**TASK TO CARRY OUT:** Would you print the lines below exactly, beginning at the line that has "原神のガチャではエフェクトに" and stopping after the line that has "Mums, dads, all"? Only those lines, and no pictures.

**EXERCISE INPUT:**
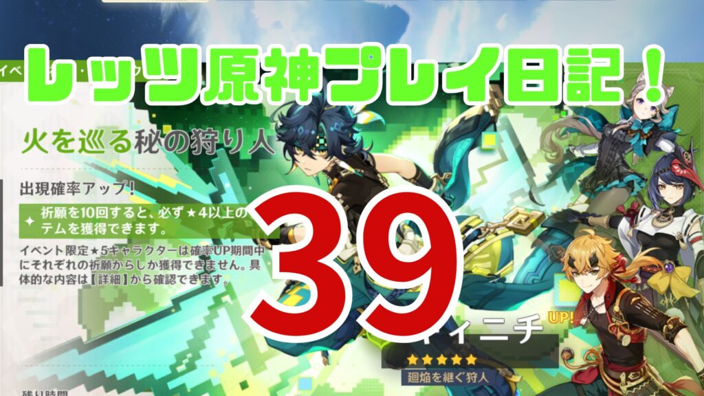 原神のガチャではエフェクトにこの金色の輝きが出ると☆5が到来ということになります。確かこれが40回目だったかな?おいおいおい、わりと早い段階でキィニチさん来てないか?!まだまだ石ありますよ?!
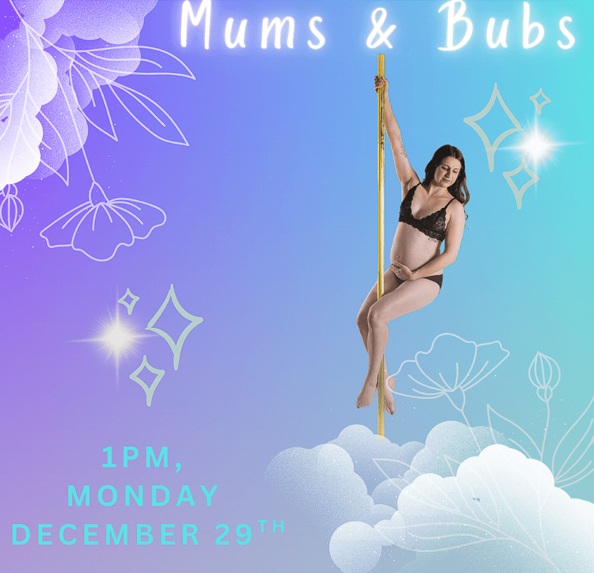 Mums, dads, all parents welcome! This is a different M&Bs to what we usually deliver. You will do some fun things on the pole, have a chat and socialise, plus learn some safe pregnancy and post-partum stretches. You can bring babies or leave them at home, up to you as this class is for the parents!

...

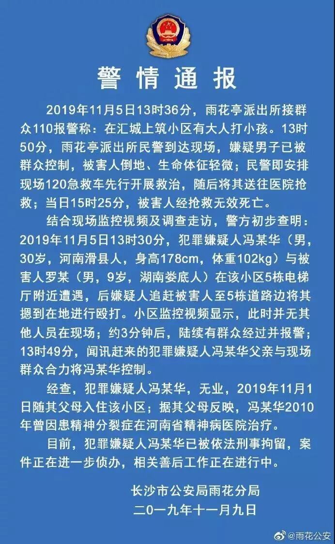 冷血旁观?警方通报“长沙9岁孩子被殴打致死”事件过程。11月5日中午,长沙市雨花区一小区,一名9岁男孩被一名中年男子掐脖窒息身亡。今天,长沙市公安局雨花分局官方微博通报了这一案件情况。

**THE ANSWER:**
 原神のガチャではエフェクトにこの金色の輝きが出ると☆5が到来ということになります。確かこれが40回目だったかな?おいおいおい、わりと早い段階でキィニチさん来てないか?!まだまだ石ありますよ?!
 Mums, dads, all parents welcome! This is a different M&Bs to what we usually deliver. You will do some fun things on the pole, have a chat and socialise, plus learn some safe pregnancy and post-partum stretches. You can bring babies or leave them at home, up to you as this class is for the parents!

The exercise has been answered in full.